The Bentley Corniche is considered the missing link between the company’s Embiricos 4¼ Litre and R Type Continental and was conceived as a high-performance version of the MkV saloon.
The project was originally started in 2001 by volunteers of the WO Bentley Memorial Foundation and the Sir Henry Royce Memorial Foundation but it was brought in-house in February 2018. Bentley boss Adrian Hallmark asked Mulliner to finish the project in 2019 in order to participate in the car maker’s centenary celebrations.
Body panels were hand-formed by Mulliner’s specialists, while the paint laboratory spent many hours producing color samples of the original Imperial Maroon and the side flash of Heather Grey from the limited descriptions available.
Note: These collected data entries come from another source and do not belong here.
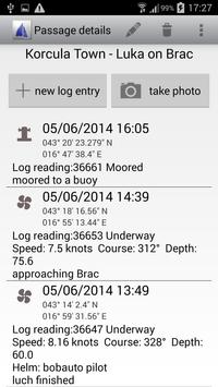 - make log entries on a sailing passage with automatic GPS data and timestamps.
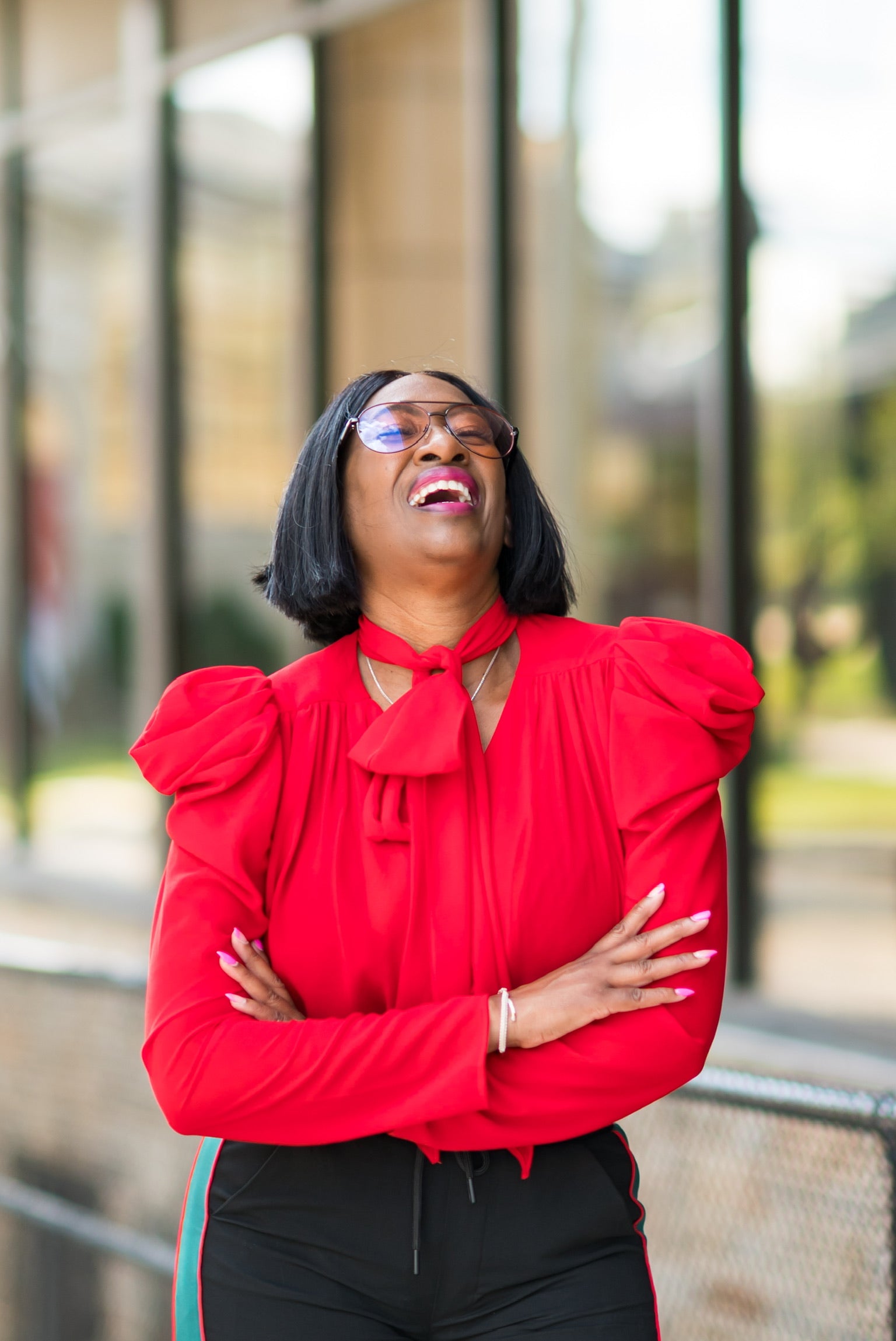 Bold red blouse with exaggerated sleeves and a dramatic bow-tie neckline; sheer yet elegant.
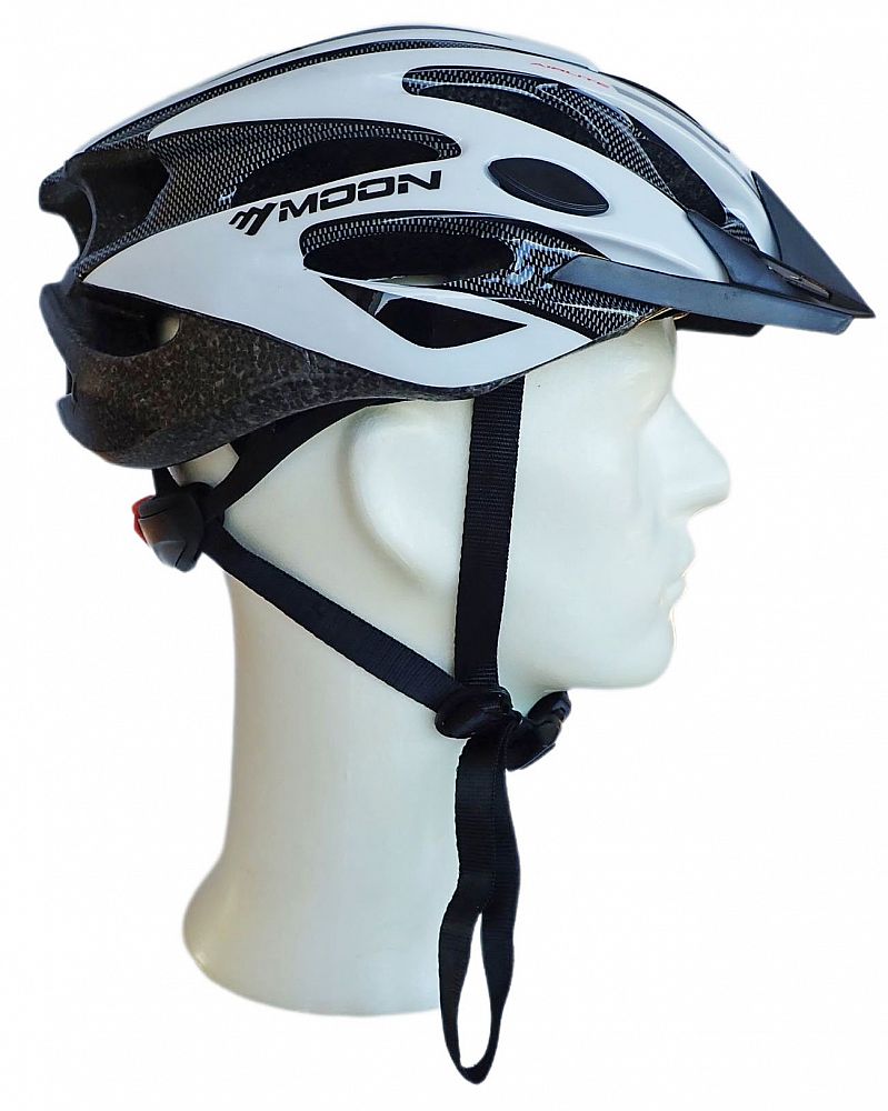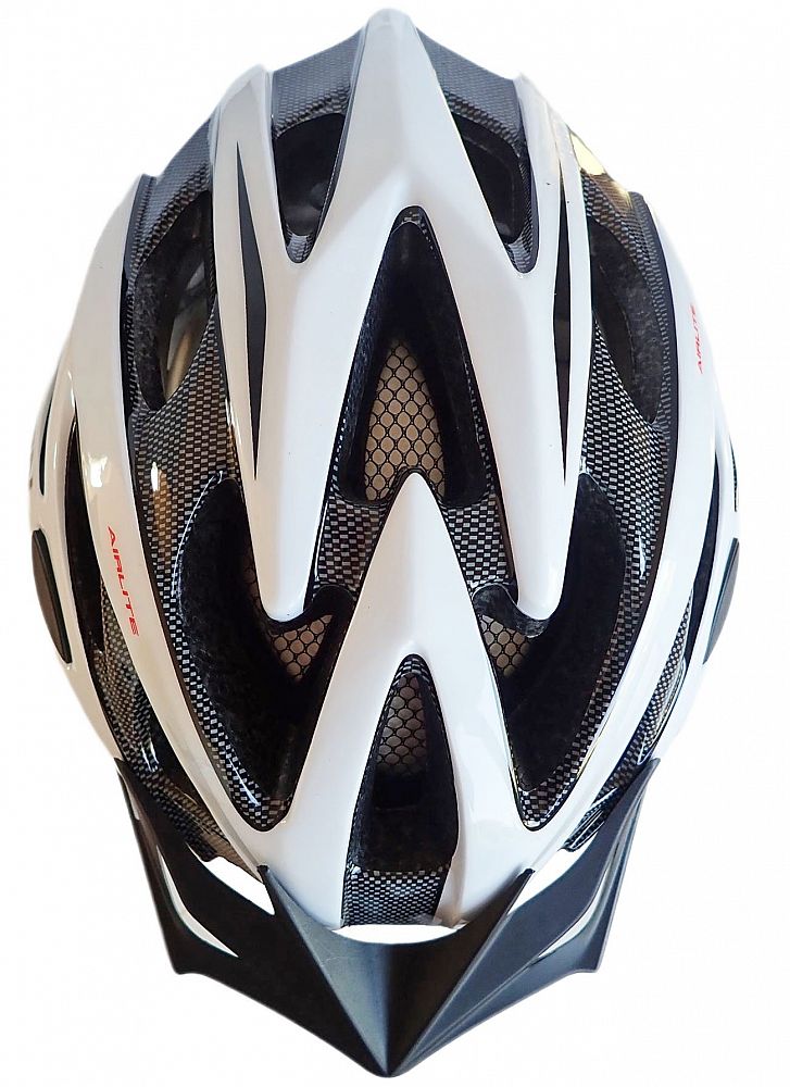 Cyklistická prilba - odľahčená - farba biela, hmotnosť 250 g, 25 vetracích otvorov, sťahovací pásik so skrutkou okolo hlavy pre dokonalé upnutie, demontovateľný cloniaci štítok, sieťku proti hmyzu, veľkosť L (58 - 61 cm). Chladivá mäkká výplň vo vnútri helmy zvyšujúca komfort pre jazdu v teplom počasí.

The interior design team produced CAD designs for the seats and door trims following an extensive historical research, while the trim team used the period-correct Connolly Vaumol hide, West of England cloth and the carpet from a roll discovered stored away on site.
Mulliner’s master carpenter devised a steam booth in order to be able to bend sections of wood for the interior window surrounds. The front grille was recreated using CAD for its design and it was then hand-formed by metalworkers over a period of three months.
The original 1939 Bentley Corniche was privately commissioned by Greek racer André Embiricos, who wanted a sporting Bentley based on the old 4¼ Litre chassis. The body was penned by Georges Paulin and built by French coachbuilder Pourtout.
The recreated Bentley Corniche will make its public debut at Salon Privé in September and then will join the company’s heritage fleet.